The Bajo / Baix Cinca limits to the east with the Autonomous Community of Catalonia, to the north with the Region of Cinca Medio and La Litera, to the west with the Monegros and to the south with the Bajo Aragón.

The region sits on the final stretch of the Cinca River, in the center of the Middle Ebro Depression, between the Zaragoza, Huesca and Lleida.
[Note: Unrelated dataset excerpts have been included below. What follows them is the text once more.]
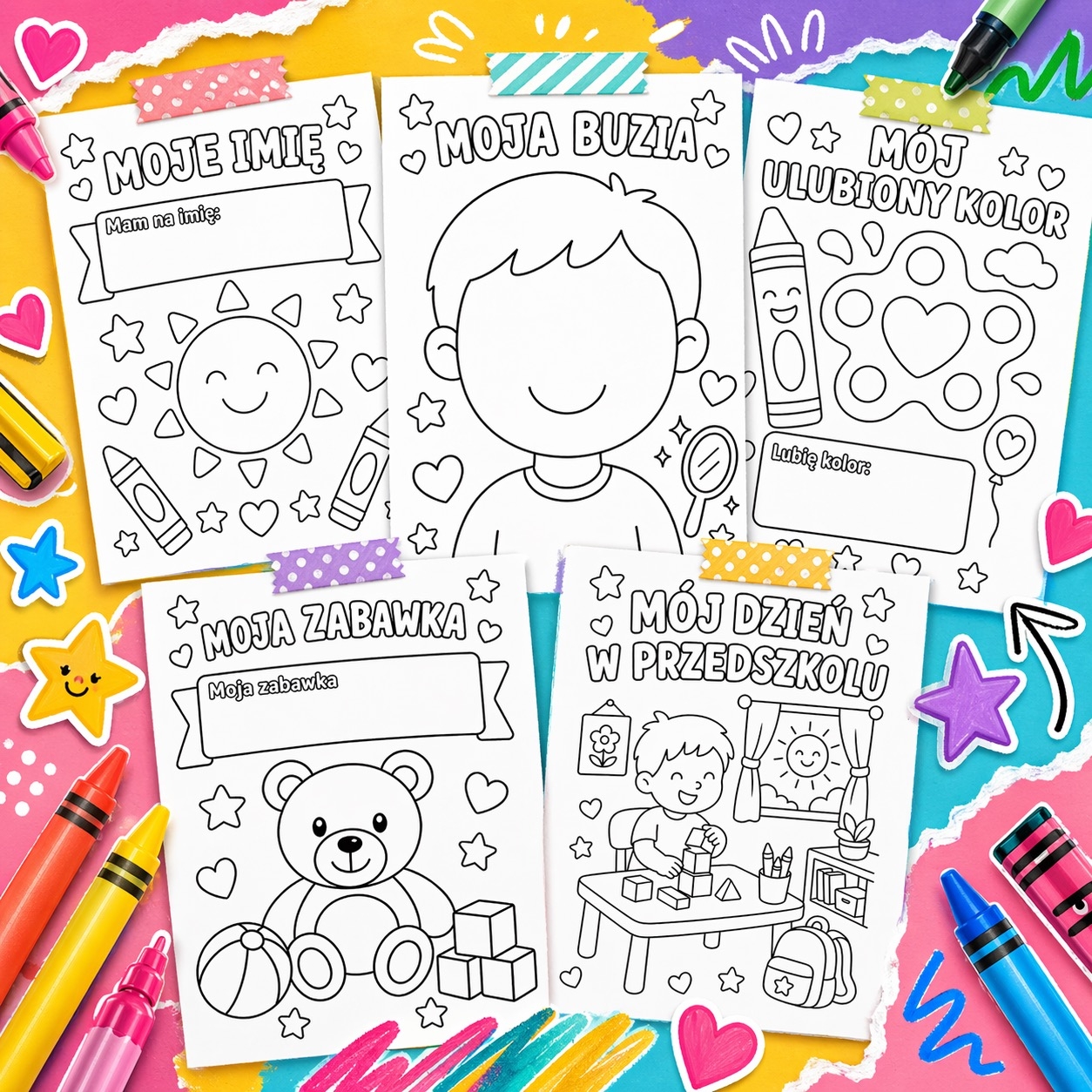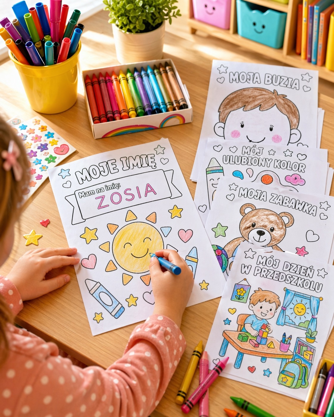Materiał świetnie sprawdzi się w przedszkolu, w edukacji wczesnodziecięcej, podczas zajęć adaptacyjnych, tematycznych lub jako spokojna aktywność plastyczna. Proste ilustracje zachęcają do działania, a personalizowany charakter sprawia, że każda kolorowanka staje się wyjątkowa 🌈🖍️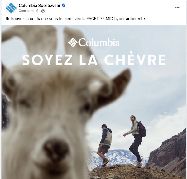 Maudit que t’es crétin. En anglais ça joue sur GOAT (Greatest of All Time) et goat (chèvre). Jeu de mots intraduisible en français. Mais quand on regarde la pub, on comprend bien que ce qu’ils veulent dire, c’est qu’avec de telles chaussures de randonnée, on sera comme une chèvre des montagnes.. et non comme le plus grand de tous les temps.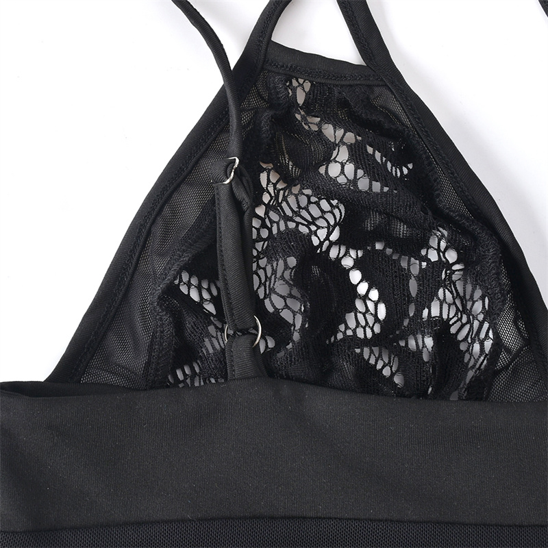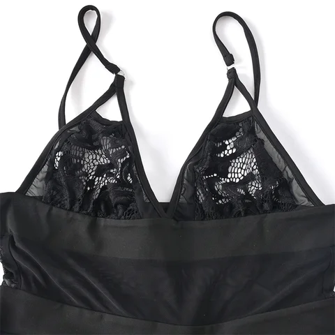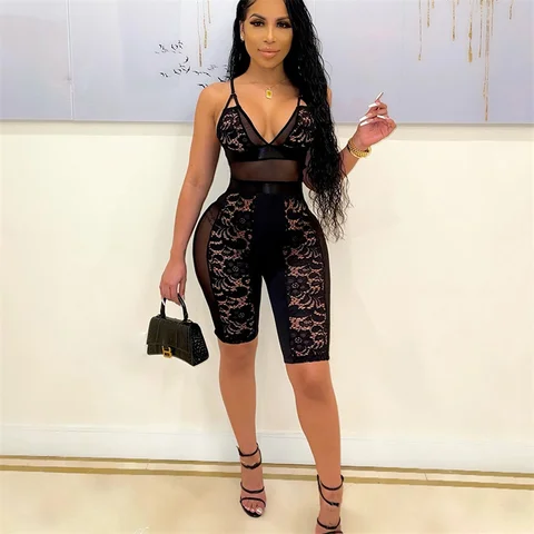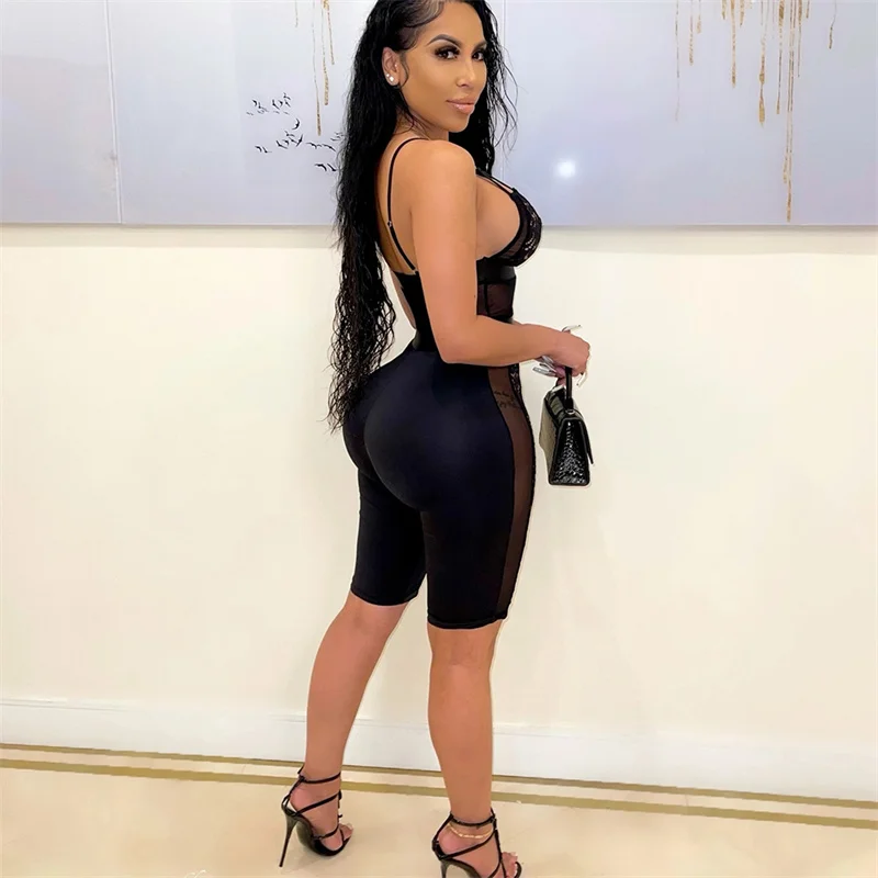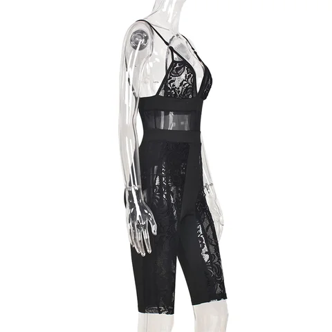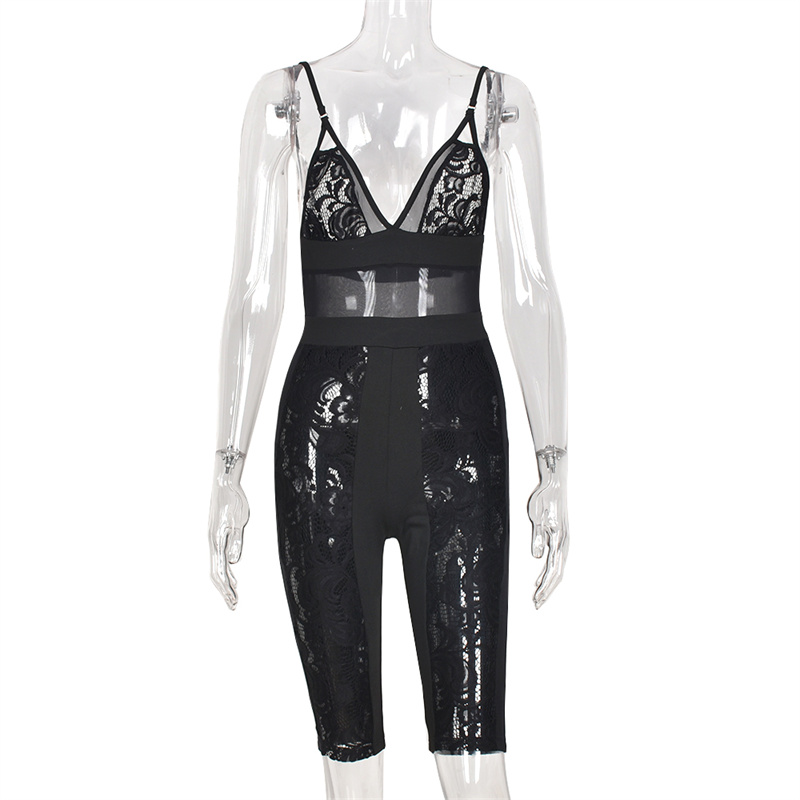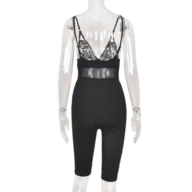 Black Lace Mesh Patchwork Playsuits Top Women Spaghetti Strap High Waist Backless Hollow Out V-neck Rompers 2022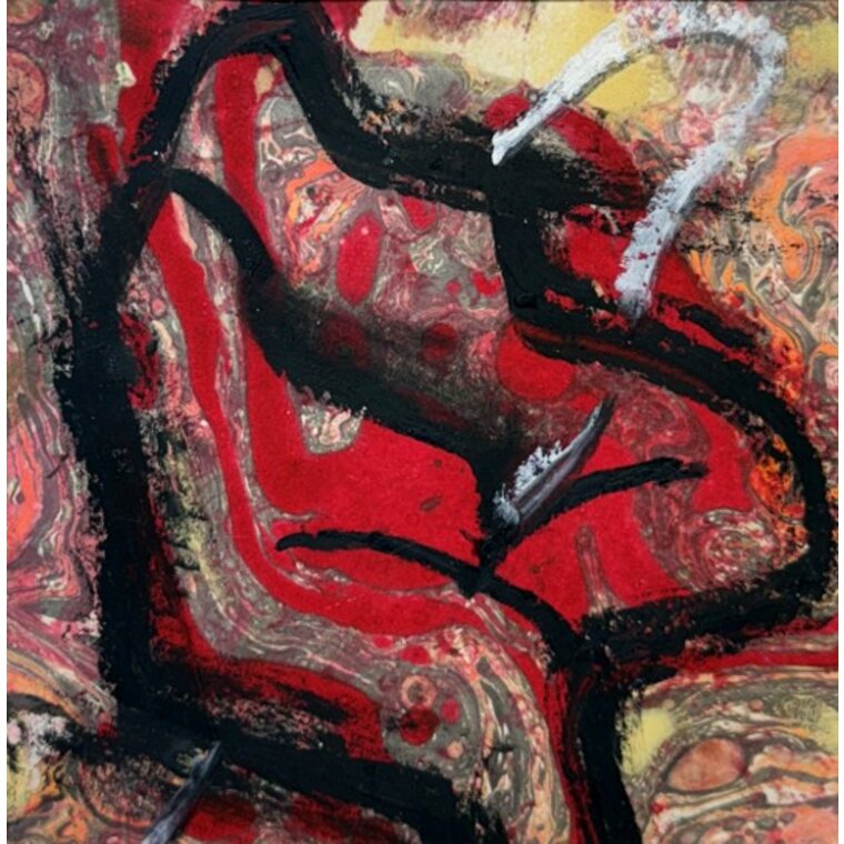 Marbling color, Pine pollen, Colored pencil, Oil pastel on paper 13.5×13.5cm 2025

The Cinca River, historical and cultural axis, divides the comarca asymmetrically and brings together almost all the villages, except Candasnos.

Its geography is characterized by the contrast of the fertile banks of the Ebro, Cinca and Segre and the arid land that extends outside the valleys. In recent years, irrigation has also been developed in rainfed areas, so that the landscape has been slightly modified to adapt it to agricultural needs.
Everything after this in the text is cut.